> _ACTIVITY_
Whenever a picture appears, leave it out while repeating all the other data exactly.

Items listed in a dataset
Start of Block

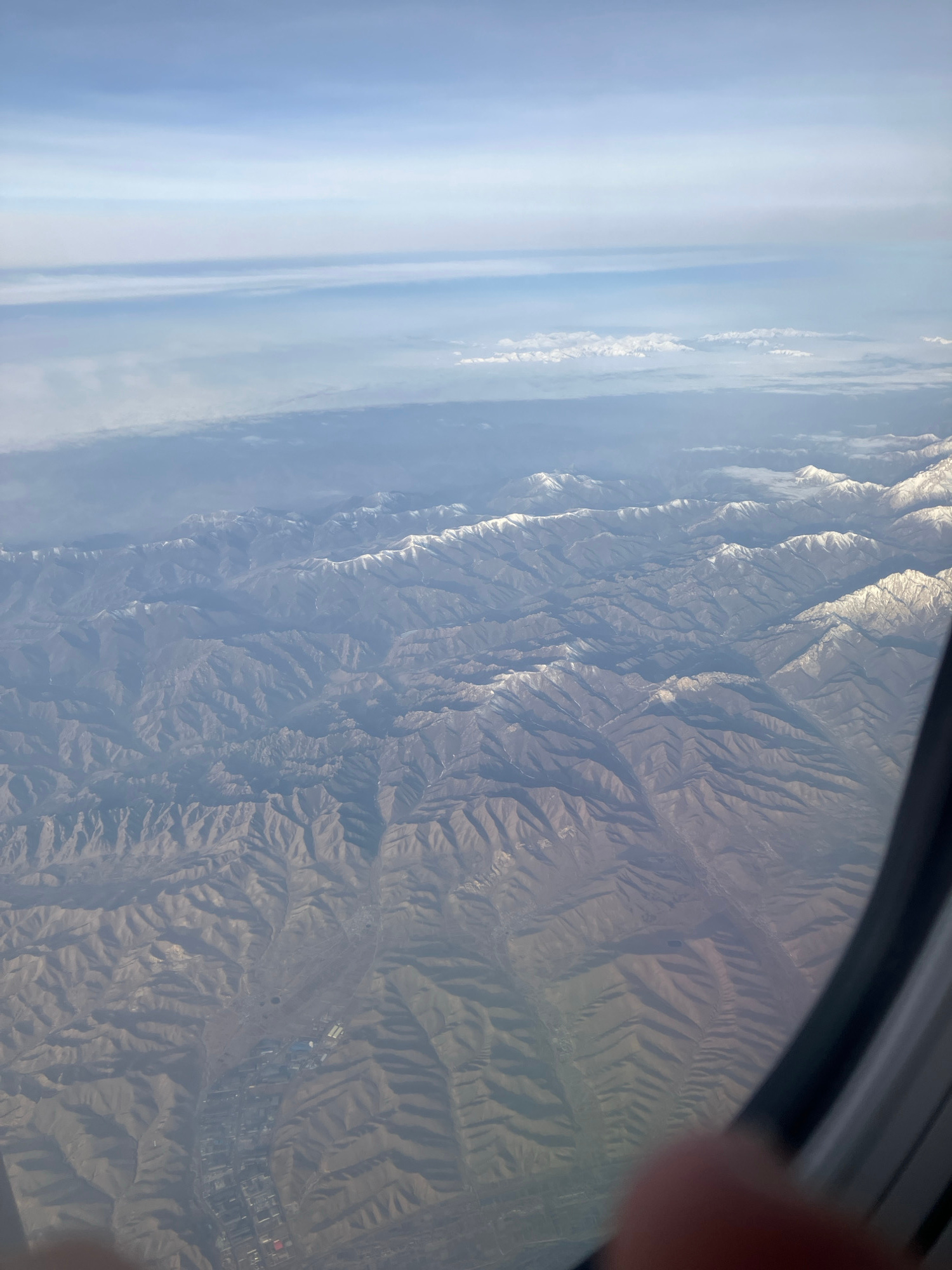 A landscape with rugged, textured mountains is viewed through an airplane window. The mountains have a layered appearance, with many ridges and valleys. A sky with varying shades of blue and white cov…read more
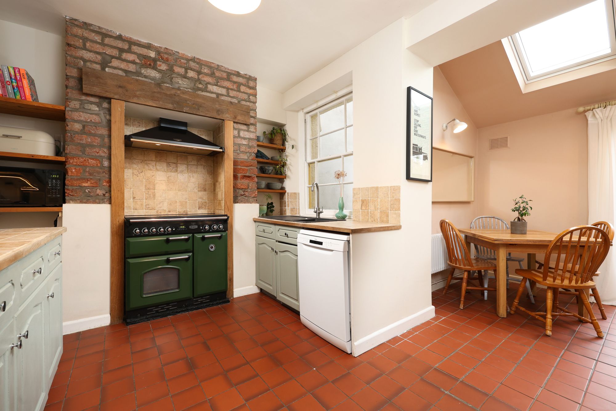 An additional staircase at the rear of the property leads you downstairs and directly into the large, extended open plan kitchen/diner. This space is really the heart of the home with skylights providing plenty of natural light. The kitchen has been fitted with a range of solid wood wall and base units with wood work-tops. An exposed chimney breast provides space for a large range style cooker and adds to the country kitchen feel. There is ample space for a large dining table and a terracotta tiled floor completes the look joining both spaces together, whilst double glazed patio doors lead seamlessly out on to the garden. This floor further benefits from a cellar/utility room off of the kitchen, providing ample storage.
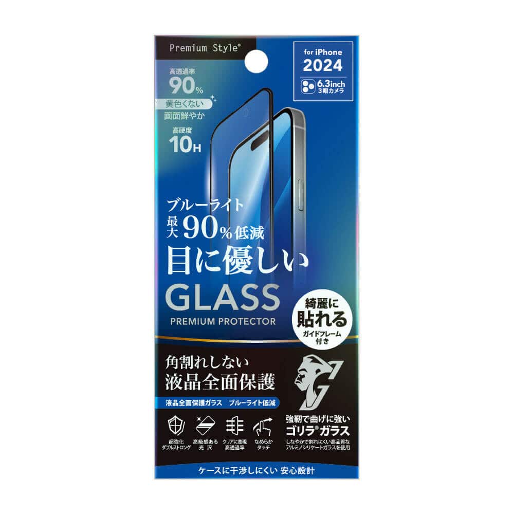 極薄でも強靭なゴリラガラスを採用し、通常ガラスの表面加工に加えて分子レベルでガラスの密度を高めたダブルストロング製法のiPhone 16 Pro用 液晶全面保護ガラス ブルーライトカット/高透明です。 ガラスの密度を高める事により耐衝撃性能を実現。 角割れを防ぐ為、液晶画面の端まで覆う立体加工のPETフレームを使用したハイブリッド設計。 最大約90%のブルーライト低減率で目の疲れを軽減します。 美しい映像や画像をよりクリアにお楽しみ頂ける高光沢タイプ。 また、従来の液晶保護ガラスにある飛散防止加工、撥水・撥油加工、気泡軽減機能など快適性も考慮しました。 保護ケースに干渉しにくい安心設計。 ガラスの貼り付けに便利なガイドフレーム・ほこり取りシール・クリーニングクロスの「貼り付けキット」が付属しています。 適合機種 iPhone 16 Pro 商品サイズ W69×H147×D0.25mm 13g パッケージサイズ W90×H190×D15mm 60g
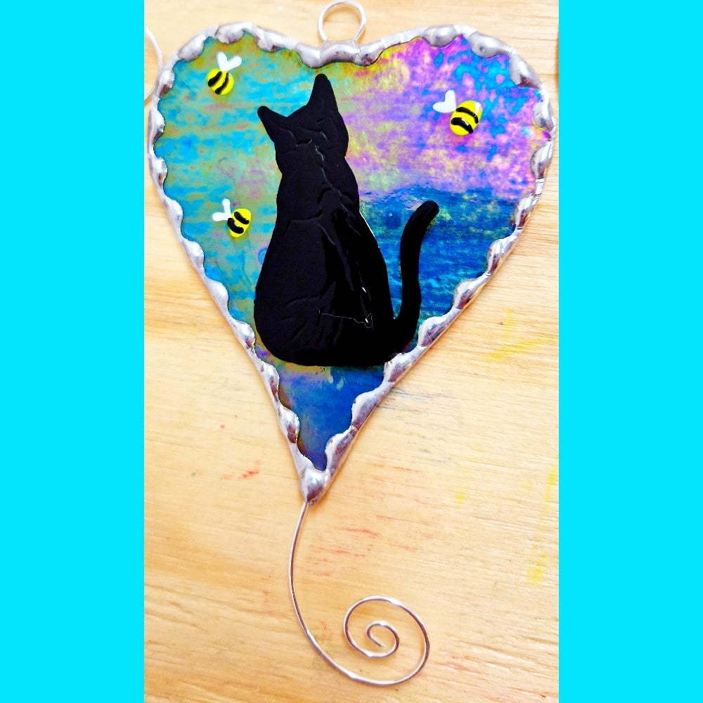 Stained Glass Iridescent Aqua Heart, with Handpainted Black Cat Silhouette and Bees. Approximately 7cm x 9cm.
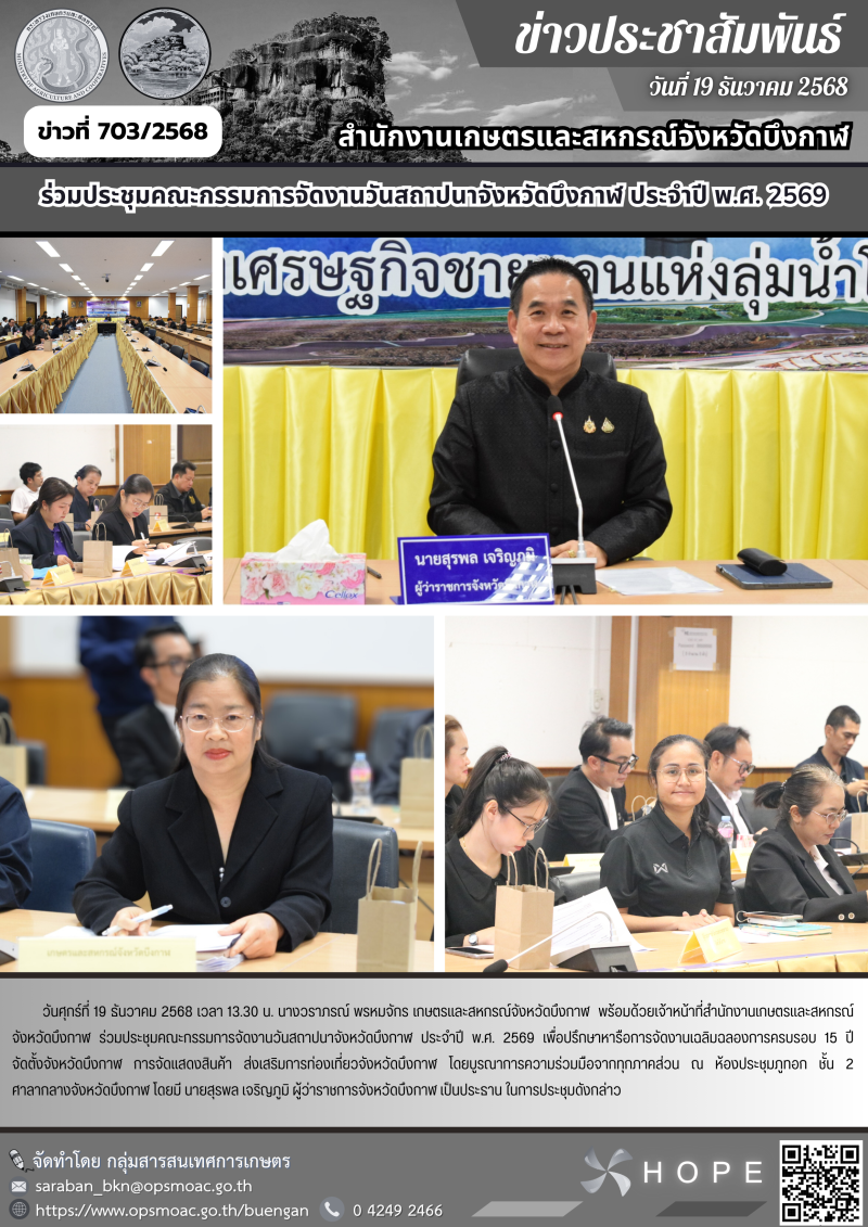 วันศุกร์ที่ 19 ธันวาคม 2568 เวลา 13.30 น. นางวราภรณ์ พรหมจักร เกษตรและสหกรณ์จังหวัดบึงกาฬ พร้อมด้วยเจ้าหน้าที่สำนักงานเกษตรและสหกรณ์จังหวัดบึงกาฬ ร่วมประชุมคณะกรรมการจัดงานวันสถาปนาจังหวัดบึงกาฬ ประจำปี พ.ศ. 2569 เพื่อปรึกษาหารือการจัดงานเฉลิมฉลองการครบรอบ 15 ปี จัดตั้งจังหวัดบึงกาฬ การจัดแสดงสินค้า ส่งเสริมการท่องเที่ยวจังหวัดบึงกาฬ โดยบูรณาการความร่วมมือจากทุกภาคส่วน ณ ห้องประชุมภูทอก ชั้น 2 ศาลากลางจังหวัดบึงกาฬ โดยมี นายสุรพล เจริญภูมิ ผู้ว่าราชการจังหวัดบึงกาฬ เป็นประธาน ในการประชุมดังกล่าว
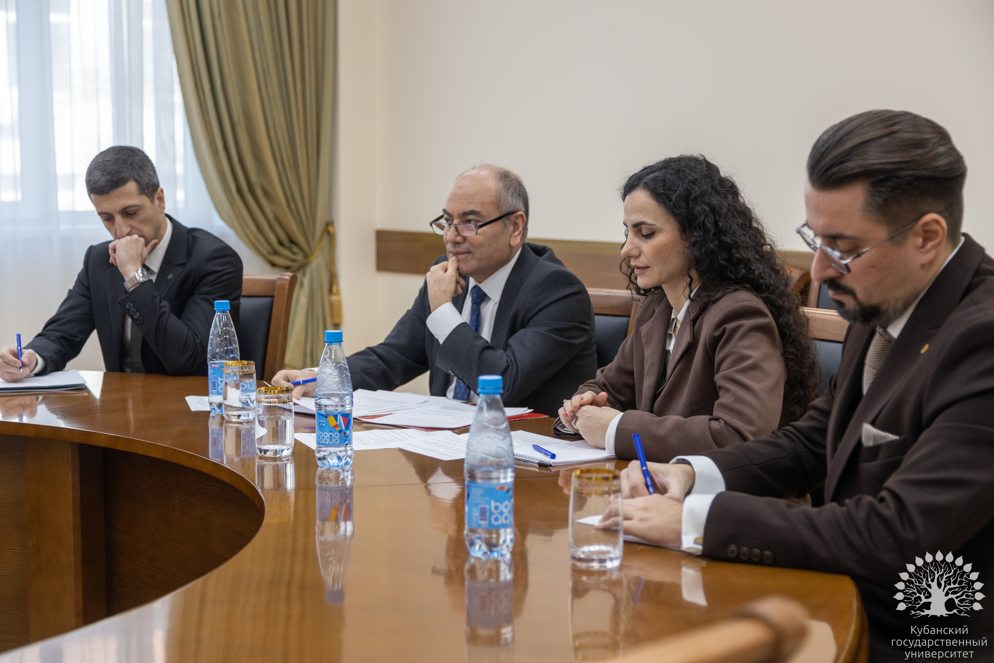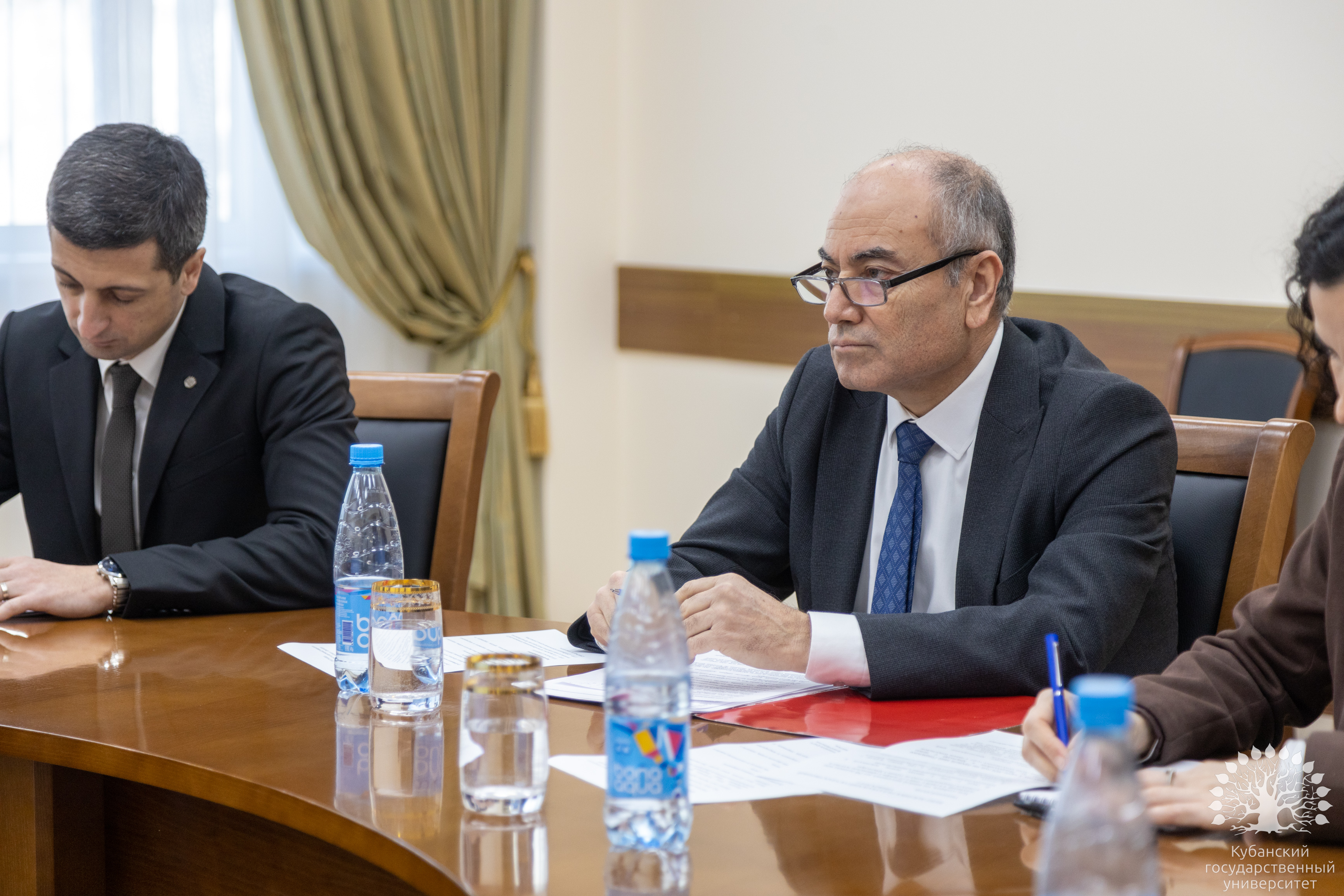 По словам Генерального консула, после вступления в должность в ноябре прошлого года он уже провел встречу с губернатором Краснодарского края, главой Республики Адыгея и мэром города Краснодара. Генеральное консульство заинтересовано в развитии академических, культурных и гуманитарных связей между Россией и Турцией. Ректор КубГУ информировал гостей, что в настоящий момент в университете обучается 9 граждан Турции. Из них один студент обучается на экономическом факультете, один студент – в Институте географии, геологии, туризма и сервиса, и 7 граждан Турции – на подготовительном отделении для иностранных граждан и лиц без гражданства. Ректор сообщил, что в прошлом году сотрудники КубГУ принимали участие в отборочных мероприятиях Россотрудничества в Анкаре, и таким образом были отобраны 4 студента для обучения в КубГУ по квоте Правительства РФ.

End of Block

> _WRITTEN REPLY_
 A landscape with rugged, textured mountains is viewed through an airplane window. The mountains have a layered appearance, with many ridges and valleys. A sky with varying shades of blue and white cov…read more
 An additional staircase at the rear of the property leads you downstairs and directly into the large, extended open plan kitchen/diner. This space is really the heart of the home with skylights providing plenty of natural light. The kitchen has been fitted with a range of solid wood wall and base units with wood work-tops. An exposed chimney breast provides space for a large range style cooker and adds to the country kitchen feel. There is ample space for a large dining table and a terracotta tiled floor completes the look joining both spaces together, whilst double glazed patio doors lead seamlessly out on to the garden. This floor further benefits from a cellar/utility room off of the kitchen, providing ample storage.
 極薄でも強靭なゴリラガラスを採用し、通常ガラスの表面加工に加えて分子レベルでガラスの密度を高めたダブルストロング製法のiPhone 16 Pro用 液晶全面保護ガラス ブルーライトカット/高透明です。 ガラスの密度を高める事により耐衝撃性能を実現。 角割れを防ぐ為、液晶画面の端まで覆う立体加工のPETフレームを使用したハイブリッド設計。 最大約90%のブルーライト低減率で目の疲れを軽減します。 美しい映像や画像をよりクリアにお楽しみ頂ける高光沢タイプ。 また、従来の液晶保護ガラスにある飛散防止加工、撥水・撥油加工、気泡軽減機能など快適性も考慮しました。 保護ケースに干渉しにくい安心設計。 ガラスの貼り付けに便利なガイドフレーム・ほこり取りシール・クリーニングクロスの「貼り付けキット」が付属しています。 適合機種 iPhone 16 Pro 商品サイズ W69×H147×D0.25mm 13g パッケージサイズ W90×H190×D15mm 60g
 Stained Glass Iridescent Aqua Heart, with Handpainted Black Cat Silhouette and Bees. Approximately 7cm x 9cm.
 วันศุกร์ที่ 19 ธันวาคม 2568 เวลา 13.30 น. นางวราภรณ์ พรหมจักร เกษตรและสหกรณ์จังหวัดบึงกาฬ พร้อมด้วยเจ้าหน้าที่สำนักงานเกษตรและสหกรณ์จังหวัดบึงกาฬ ร่วมประชุมคณะกรรมการจัดงานวันสถาปนาจังหวัดบึงกาฬ ประจำปี พ.ศ. 2569 เพื่อปรึกษาหารือการจัดงานเฉลิมฉลองการครบรอบ 15 ปี จัดตั้งจังหวัดบึงกาฬ การจัดแสดงสินค้า ส่งเสริมการท่องเที่ยวจังหวัดบึงกาฬ โดยบูรณาการความร่วมมือจากทุกภาคส่วน ณ ห้องประชุมภูทอก ชั้น 2 ศาลากลางจังหวัดบึงกาฬ โดยมี นายสุรพล เจริญภูมิ ผู้ว่าราชการจังหวัดบึงกาฬ เป็นประธาน ในการประชุมดังกล่าว
 По словам Генерального консула, после вступления в должность в ноябре прошлого года он уже провел встречу с губернатором Краснодарского края, главой Республики Адыгея и мэром города Краснодара. Генеральное консульство заинтересовано в развитии академических, культурных и гуманитарных связей между Россией и Турцией. Ректор КубГУ информировал гостей, что в настоящий момент в университете обучается 9 граждан Турции. Из них один студент обучается на экономическом факультете, один студент – в Институте географии, геологии, туризма и сервиса, и 7 граждан Турции – на подготовительном отделении для иностранных граждан и лиц без гражданства. Ректор сообщил, что в прошлом году сотрудники КубГУ принимали участие в отборочных мероприятиях Россотрудничества в Анкаре, и таким образом были отобраны 4 студента для обучения в КубГУ по квоте Правительства РФ.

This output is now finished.